Did they reduce rates though? This is my key question is not whether we can use low water rates it is whether it allows low dose rates.
 

Clive

Staff Member
Arable Farmer
Location
Lichfield
Did they reduce rates though? This is my key question is not whether we can use low water rates it is whether it allows low dose rates.

I can't recall or find it now but you would assume if there was a better response for same chemical rate at lower water volumes then there would be scope to reduce chemical rates and still get the response you want at the higher rates
 
Look at Airtec & Danfoil results from decades ago.

Forgetting the modern label recs re water rate- a lot of systemic products dont need that much water really.

The trials of the above systems were based of fungicides as I remember

I suppose what happened is that nozzles came along or more recommendations for 100 lt ha which was a relatively cheap way of getting some of the benefits of airtec/ low water.
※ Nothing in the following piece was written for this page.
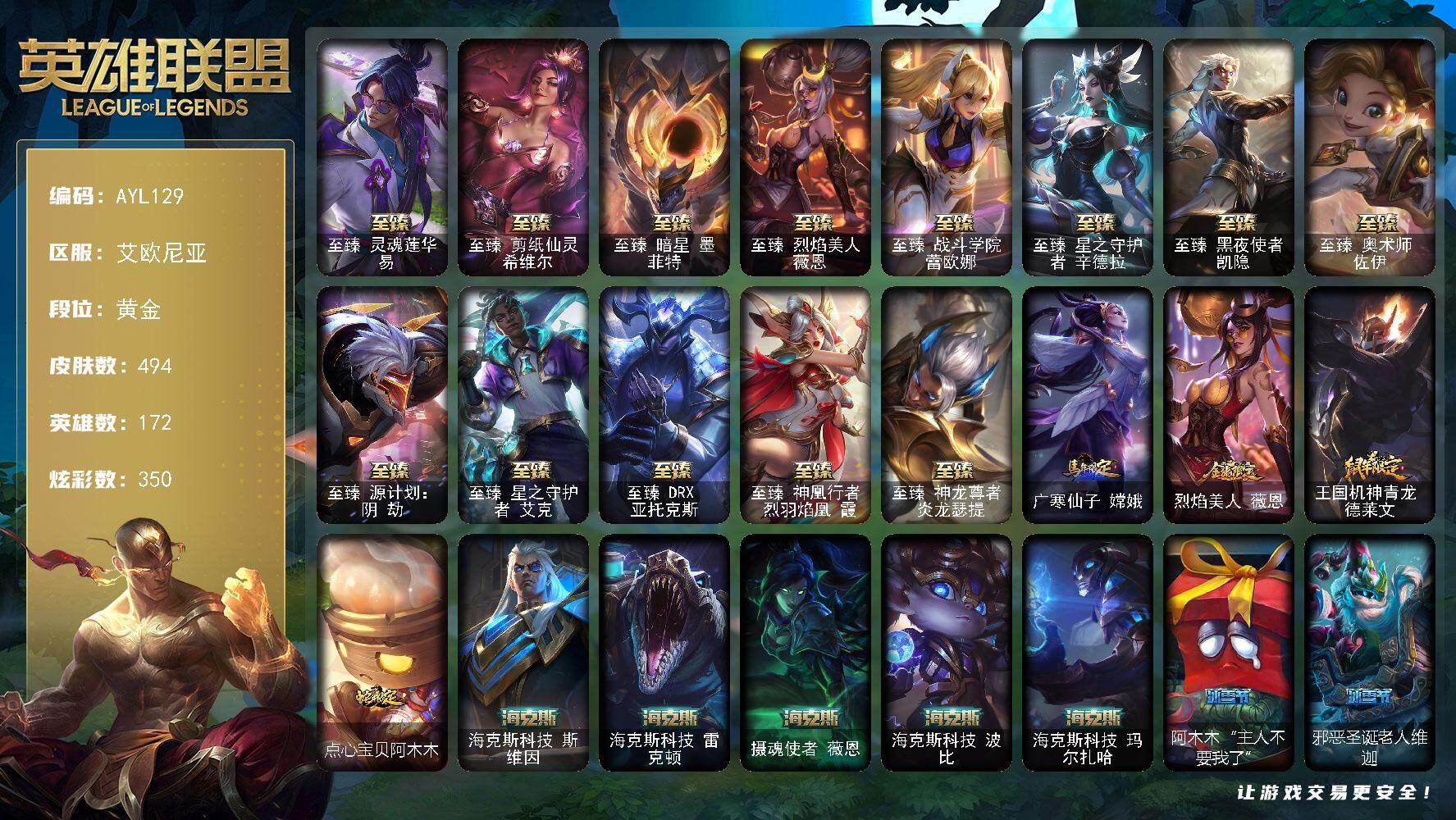 [15261334]可二次【店主推荐捡漏号!可直接换绑】 黄金段位-172英雄-494皮肤-350炫彩-1终极-24神话-61限定-49传说-112史诗 【珍稀头像】:星守阿狸头像 【热门头像】:春晖神女头像 【至臻皮肤】:至臻灵魂莲华易,至臻剪纸仙灵希维尔,至臻暗星墨菲特,至臻烈焰美人薇恩,至臻战斗学院蕾欧娜,至臻星之守护者辛德拉,至臻黑夜使者凯隐,至臻奥术师佐伊,至臻源计划阴劫,至臻星之守护者艾克,至臻DRX亚托克斯,至臻神凰行者烈羽焰凰霞,至臻神龙尊者炎龙瑟提 【臻彩皮肤】:天龙之子卡莎飞龙乘云,无畏骑士瑟庄妮赤子初心,冰霜之刃艾瑞莉娅炫金,墨之影武者亚索金墨耀影,冠军之志瑞兹凯旋圣装,神龙尊者圣龙李青龙腾云起,源计划联合艾希红莲之弓,星之守护者金克丝黑洞,魔女阿卡丽虚荣,净雪之月莫甘娜冬虹 【年限皮肤】:广寒仙子嫦娥,烈焰美人薇恩,王国机神青龙德莱文,点心宝贝阿木木 【海克斯皮肤】:海克斯科技斯维因,海克斯科技雷克顿,摄魂使者薇恩,海克斯科技波比,海克斯科技玛尔扎哈 【冰雪限定】:阿木木“主人不要我了”,邪恶圣诞老人维迦,喜庆之树茂凯,雪默丁格,圣诞玩偶波比,冰雪驯鹿波比,圣诞老人古拉加斯,圣诞驯鹿克格莫,魄罗骑士瑟庄妮,寒冬精灵璐璐,圣诞老人德莱文,冰雪节辛吉德 【终极皮肤】:大元素使拉克丝 【神话皮肤】:十周年纪念安妮,源代码乐芙兰,十五周年纪念希维尔,暗星科加斯,神凰行者瑞羽圣凰艾尼维亚,黎明使者卡尔玛,海克斯科技波比,海克斯科技雷克顿,海克斯科技玛尔扎哈,海克斯科技斯维因,摄魂使者薇恩,至臻暗星墨菲特,至臻奥术师佐伊,至臻DRX亚托克斯,至臻黑夜使者凯隐,至臻剪纸仙灵希维尔,至臻烈焰美人薇恩,至臻灵魂莲华易,至臻神凰行者烈羽焰凰霞,至臻神龙尊者炎龙瑟提,至臻星之守护者艾克,至臻星之守护者辛德拉,至臻源计划阴劫,至臻战斗学院蕾欧娜 【限定皮肤】:诺斯费拉图弗拉基米尔,冠军之志瑞兹,暗杀星奥莉安娜,暗杀星努努和威朗普,SKTT1劫,SKTT1李青,SSW辛吉德,SSW锤石,SKTT1雷克顿,SKTT1娜美,iG菲奥娜,iG艾瑞莉娅,iG卡蜜尔,iG卡莎,iG乐芙兰,iG洛,EDG厄斐琉斯,玉剑传说无劫,暗裔英雄盖伦,胜利枪神格雷福斯,胜利之剑亚托克斯,胜利女神瑟庄妮,胜利之王泰达米尔,胜利巨口克格莫,胜利女神娑娜,胜利剑圣易,胜利之运崔斯特,胜利女神菲奥娜,海贼瑞兹,南

The guy on another thread saying lower doses of CTU (or was it IPU?) thanks to new developments of the active may indicate how lower doses can do more in the future
 
at 10 k at 50 litres a jet would be very fine in the droplet spectrum which will be very drifty
not to much of a problem in large fields but small fields not so easy

the benefit of low water rate and high acreages per tank diminishes with small fields especially if always returning to the gate and folding up between fields
 

Fuzzy

Member
Arable Farmer
Location
Bedfordshire
I'm sure they must use such low volumes on broad acres in places like Western Australia. Seem to remember they use a pick up to pull sprayed so they can't be using much water.
It is worth remembering that Australia Wheat yields are much less than in the UK, so presumably there are less plants needing chemical and i guess water. If there yield is say a third of that in the UK, and they use half the chemical they are actually using more chemical per tonne of crop produced.
 

Fuzzy

Member
Arable Farmer
Location
Bedfordshire
BTW i have just seen a sprayer in 100acre field of wheat. Quite normal for this time of year, but wind speed around here today is 20-30mph with gusts too unbelievable... Most of the spray wont be in the field for sure......maybe he was trying an ultra low dose!!!!!!!!!
 

homefarm

Member
Location
N.West
We used a spra-coupe and thought we we did get more response for a given dose at lower volume.
The lower volume was achieved by increasing speed not reducing jet size.
The Hgca results we discussed in another thread also linked speed and volume for best results
100L at 16kph was the best, if I remember, but would 50L at 32kph be even better.
We had good results with 70l at 20kph.
 

Farmer.sa

Member
Location
Essex
In my view spray quality is far more important then volume, done 3 years farm trials only with fungicides @50l/ha, 80l/ha and 100l/ha all at varying pressures, same results over all water rates only spray quality made a difference in yield/ control! Did not reduce chemical rate though, maybe it's one to trial....... Not sure if any Chem company's will sponsor it though!!!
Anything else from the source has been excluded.